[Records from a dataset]

####################

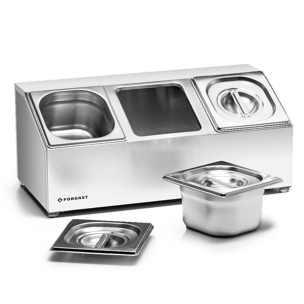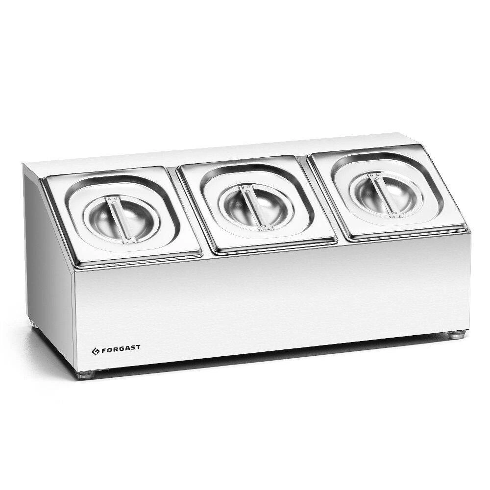 Expozitor na potraviny značky Forgast je profesionálním řešením pro prezentaci a uchovávání jídel v gastronomii. Tento produkt se vyznačuje provedením z nerezové oceli a možností současného uložení tří GN 1/6 nádob. Skvěle se hodí do restaurací, salátových barů, bufetů či jídelen, kde záleží na estetickém servírování a hygieně.
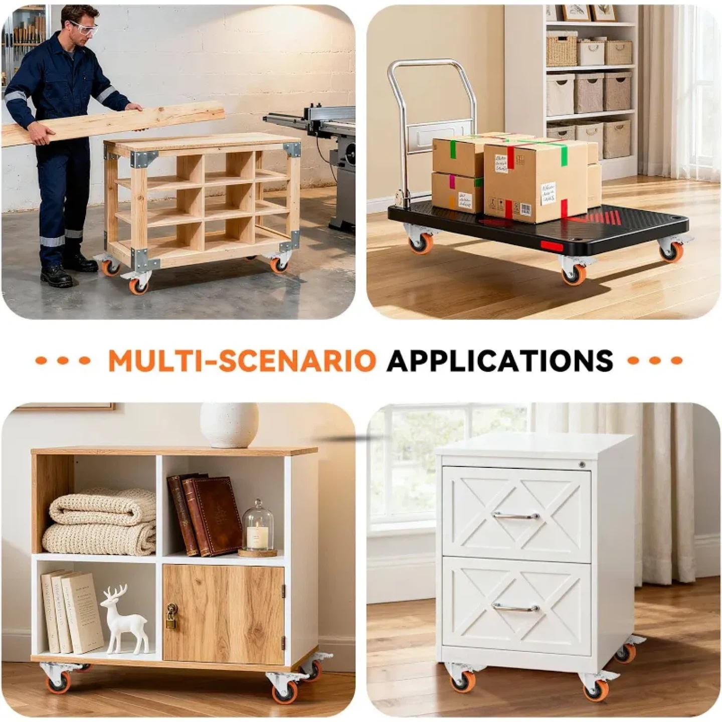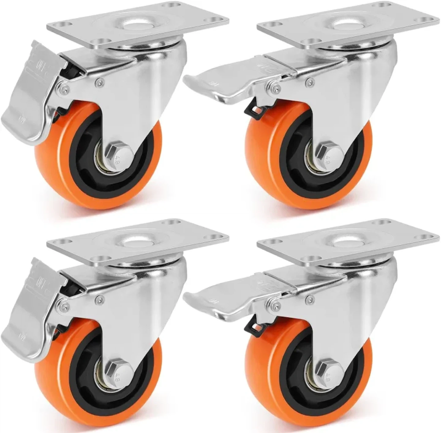 Four orange, heavy-duty swivel caster wheels. Each wheel has a brake for secure stopping. Steel material construction. Supports up to 1000 lbs per set. Great for furniture or equipment.
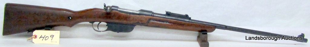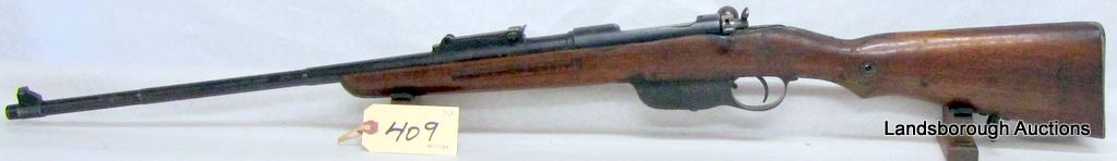 NON-RESTRICTED, BOLT ACTION, 8MM MAUSER, 24" BARREL, SN 41722. WOOD HAS NUMEROUS DENTS AND SCRATCHES, BLUING GREY, BORE GOOD WITH SOME DISCOLORATION.
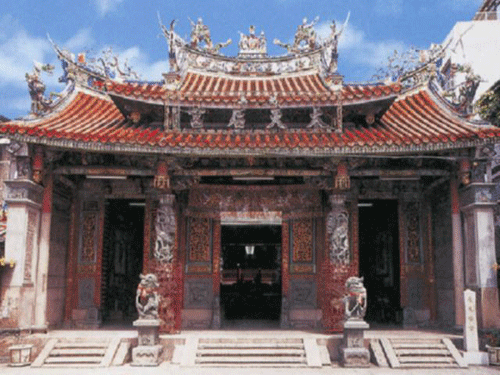祀典台南大天后宫(俗称府城大妈祖庙),在赤崁之南,大井头之北,坐向“窝镜窗”来龙,向“时钟楼”住鳌,旋妈祖港古渡头出台江内海,坐辰向戍兼乙辛。宫主祀神为宋代莆田湄洲林氏女讳默,民间通称娘妈或妈祖。这是台海两岸三地古老的妈祖庙宇之一,也是当今保存完整的古庙之一。从古到今,香火旺盛,海内外朝拜者如潮。
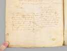 2 documents joints sur vélin d'un feuillet et 2 feuillets, circa 1667-1700 : Manuscrit : Acte de Constitution de Rente au profit des Dames Religieuses de Ste Ursule de Vesoul, capital de 1600 livres, rente de 8 livres due par les débiteurs Claude Jacoulot le Jeune et Barbe Hugot sa femme, terme au 1er fevrier 1667 et Acte de Cession partielle des droits du défunt Jacoulot, le 21 décembre 1700, à Maître Sébastien Seguin, "procureur au bailliage et siège présidial de Vesoul". Les Ursulines de Vesoul sont représentées par la Révérende Mère Soeur de la Nativité, Supérieure, et Révérénde Mère Sœur de l'Annonciation, procureuse
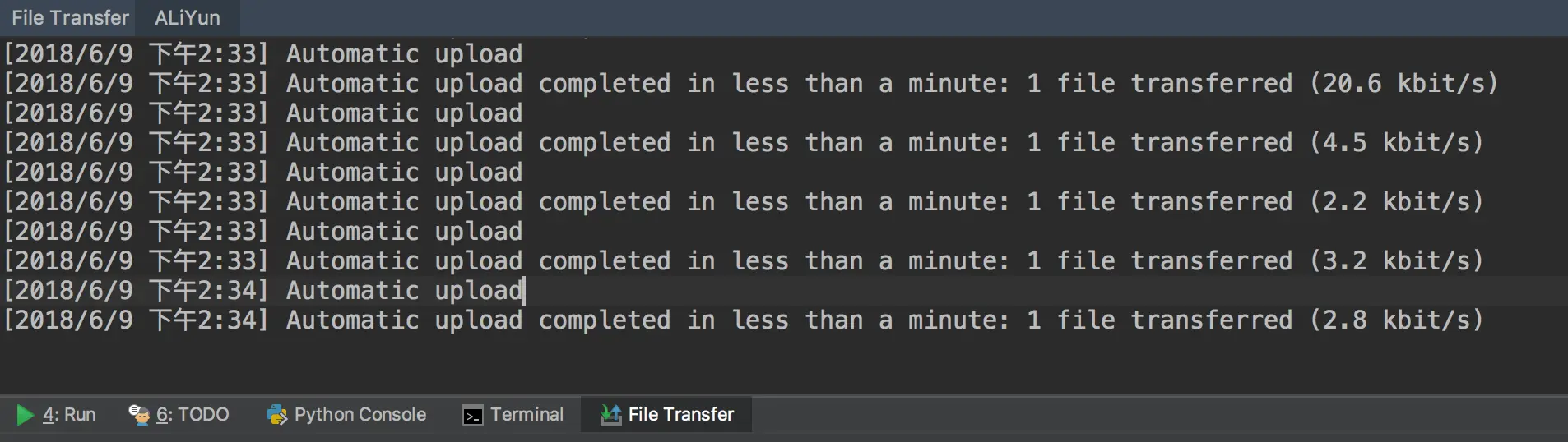 每次如果需要同步的话,可以在Tools -> Deployment菜单里面,选择Upload to XXXX就行,或者在需要上传的文件图标点击右键,在Deployment里面选择就可以。很方便。上传成功的样子大概就是这样:
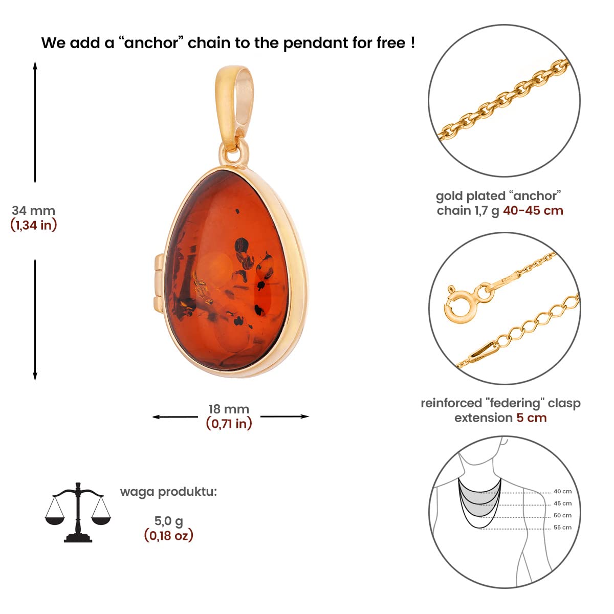 Owalny medalion tajny ze swobodnym łańcuszkiem sprawia, że zawieszka jest nie tylko pięknym elementem biżuterii, ale także praktycznym dodatkiem, który można nosić na co dzień lub na specjalne okazje. Bursztynowy kolor dodaje delikatności i elegancji, podkreślając naturalne piękno każdej kobiety.
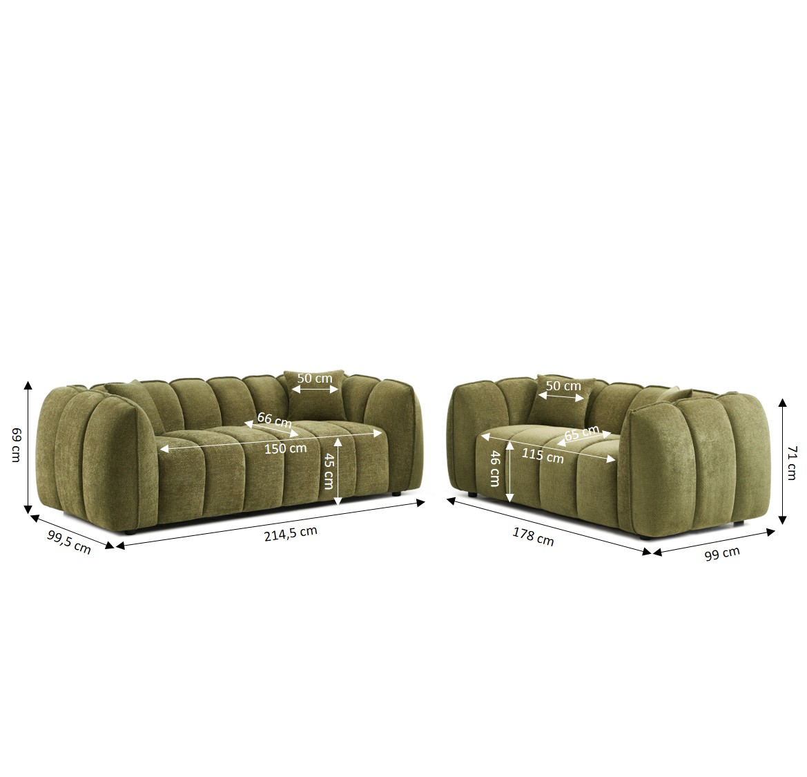 Grâce à son gabarit généreux sans être encombrant, l'ensemble MATILDA trouve sa place aussi bien dans un grand salon que dans un espace plus compact. Ses coussins moelleux et ses assises larges en font un choix sûr pour ceux qui recherchent confort et style dans un ensemble harmonieux.

####################

## REQUIREMENT
The records above should be duplicated exactly, with none of their pictures kept.

## TASK RESULT
 Expozitor na potraviny značky Forgast je profesionálním řešením pro prezentaci a uchovávání jídel v gastronomii. Tento produkt se vyznačuje provedením z nerezové oceli a možností současného uložení tří GN 1/6 nádob. Skvěle se hodí do restaurací, salátových barů, bufetů či jídelen, kde záleží na estetickém servírování a hygieně.
 Four orange, heavy-duty swivel caster wheels. Each wheel has a brake for secure stopping. Steel material construction. Supports up to 1000 lbs per set. Great for furniture or equipment.
 NON-RESTRICTED, BOLT ACTION, 8MM MAUSER, 24" BARREL, SN 41722. WOOD HAS NUMEROUS DENTS AND SCRATCHES, BLUING GREY, BORE GOOD WITH SOME DISCOLORATION.
祀典台南大天后宫(俗称府城大妈祖庙),在赤崁之南,大井头之北,坐向“窝镜窗”来龙,向“时钟楼”住鳌,旋妈祖港古渡头出台江内海,坐辰向戍兼乙辛。宫主祀神为宋代莆田湄洲林氏女讳默,民间通称娘妈或妈祖。这是台海两岸三地古老的妈祖庙宇之一,也是当今保存完整的古庙之一。从古到今,香火旺盛,海内外朝拜者如潮。
 2 documents joints sur vélin d'un feuillet et 2 feuillets, circa 1667-1700 : Manuscrit : Acte de Constitution de Rente au profit des Dames Religieuses de Ste Ursule de Vesoul, capital de 1600 livres, rente de 8 livres due par les débiteurs Claude Jacoulot le Jeune et Barbe Hugot sa femme, terme au 1er fevrier 1667 et Acte de Cession partielle des droits du défunt Jacoulot, le 21 décembre 1700, à Maître Sébastien Seguin, "procureur au bailliage et siège présidial de Vesoul". Les Ursulines de Vesoul sont représentées par la Révérende Mère Soeur de la Nativité, Supérieure, et Révérénde Mère Sœur de l'Annonciation, procureuse
 每次如果需要同步的话,可以在Tools -> Deployment菜单里面,选择Upload to XXXX就行,或者在需要上传的文件图标点击右键,在Deployment里面选择就可以。很方便。上传成功的样子大概就是这样:
 Owalny medalion tajny ze swobodnym łańcuszkiem sprawia, że zawieszka jest nie tylko pięknym elementem biżuterii, ale także praktycznym dodatkiem, który można nosić na co dzień lub na specjalne okazje. Bursztynowy kolor dodaje delikatności i elegancji, podkreślając naturalne piękno każdej kobiety.
 Grâce à son gabarit généreux sans être encombrant, l'ensemble MATILDA trouve sa place aussi bien dans un grand salon que dans un espace plus compact. Ses coussins moelleux et ses assises larges en font un choix sûr pour ceux qui recherchent confort et style dans un ensemble harmonieux.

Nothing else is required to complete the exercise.